■ SUPPLIED INFORMATION
^^^^

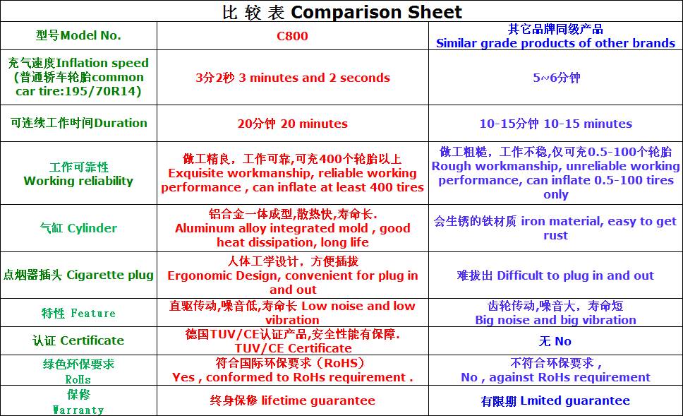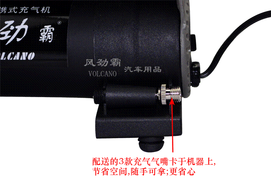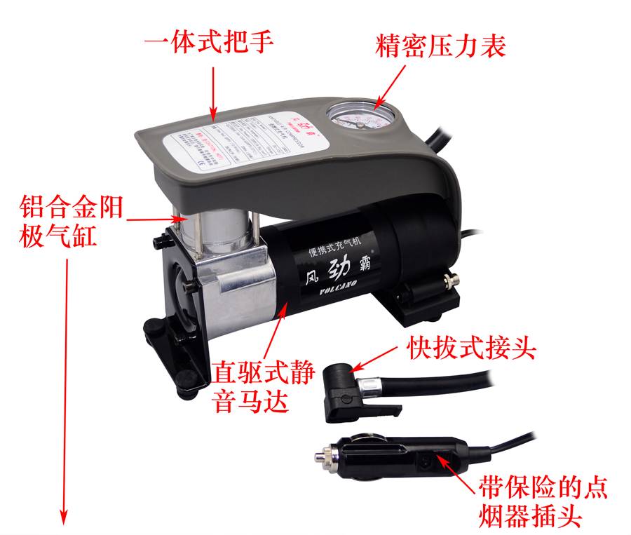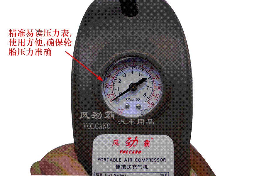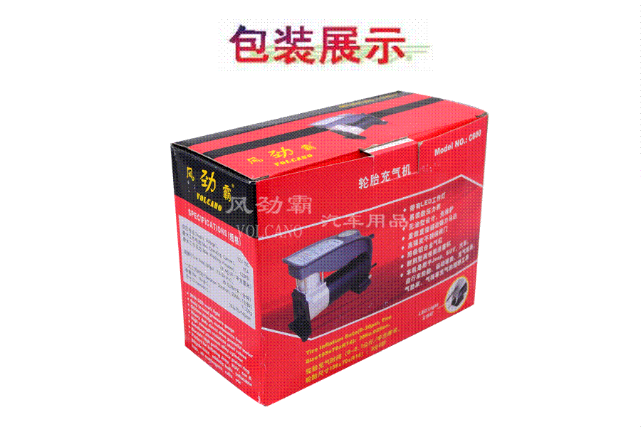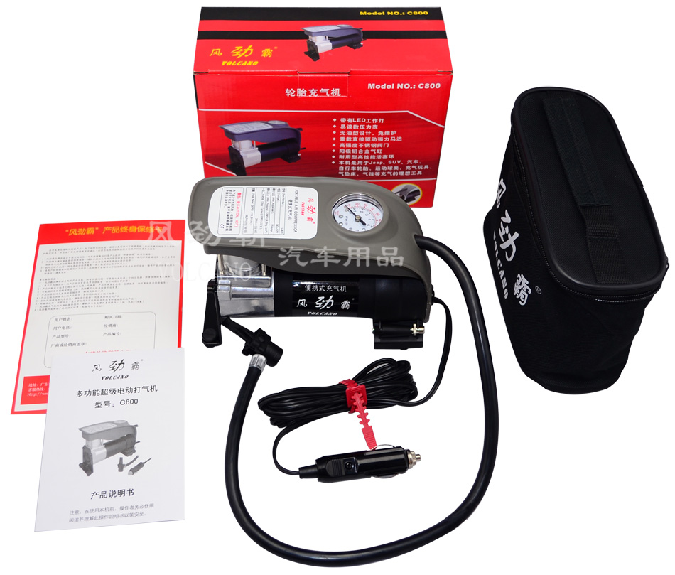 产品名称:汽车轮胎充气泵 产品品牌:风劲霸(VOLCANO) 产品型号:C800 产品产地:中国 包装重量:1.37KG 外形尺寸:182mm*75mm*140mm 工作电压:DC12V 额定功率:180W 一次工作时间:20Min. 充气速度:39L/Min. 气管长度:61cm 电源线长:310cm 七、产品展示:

^^^^

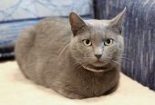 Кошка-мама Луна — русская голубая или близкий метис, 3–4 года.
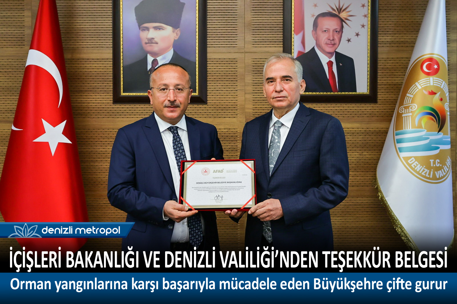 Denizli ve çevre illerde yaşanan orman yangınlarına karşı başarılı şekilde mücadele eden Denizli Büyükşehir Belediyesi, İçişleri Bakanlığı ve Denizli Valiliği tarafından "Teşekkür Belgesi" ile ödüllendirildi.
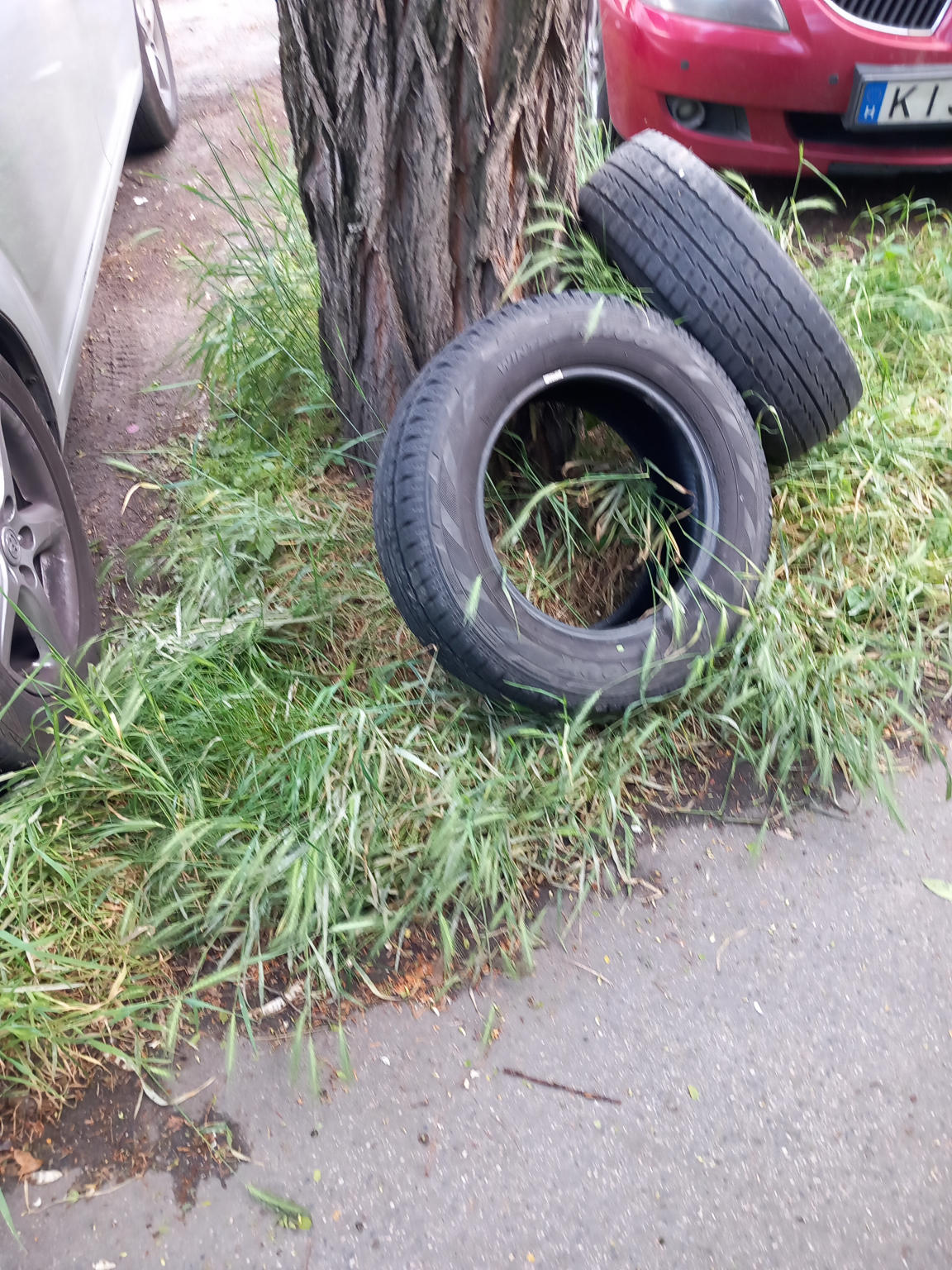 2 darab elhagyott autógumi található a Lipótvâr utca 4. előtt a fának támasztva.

^^^^

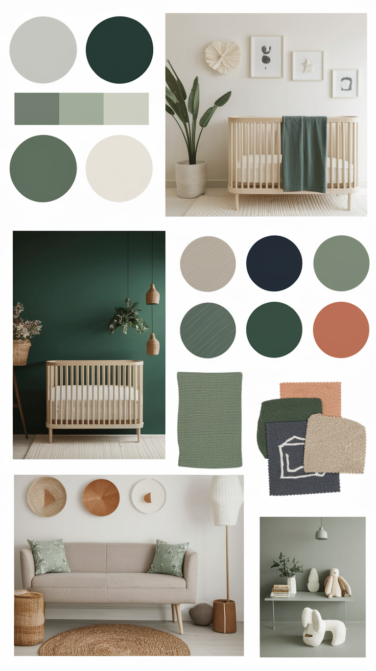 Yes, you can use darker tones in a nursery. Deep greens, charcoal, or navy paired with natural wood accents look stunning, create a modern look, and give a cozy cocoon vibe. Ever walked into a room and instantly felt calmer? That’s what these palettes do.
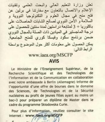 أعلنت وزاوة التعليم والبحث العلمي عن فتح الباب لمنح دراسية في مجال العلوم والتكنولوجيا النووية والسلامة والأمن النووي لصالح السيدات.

^^^^

■ PROBLEM DETAILS
Take the material above from the line bearing "Кошка-мама Луна —" through the line bearing "2 darab elhagyott" and write it out exactly, both end lines included. Pictures stay out.

■ WRITTEN RESPONSE
 Кошка-мама Луна — русская голубая или близкий метис, 3–4 года.
 Denizli ve çevre illerde yaşanan orman yangınlarına karşı başarılı şekilde mücadele eden Denizli Büyükşehir Belediyesi, İçişleri Bakanlığı ve Denizli Valiliği tarafından "Teşekkür Belgesi" ile ödüllendirildi.
 2 darab elhagyott autógumi található a Lipótvâr utca 4. előtt a fának támasztva.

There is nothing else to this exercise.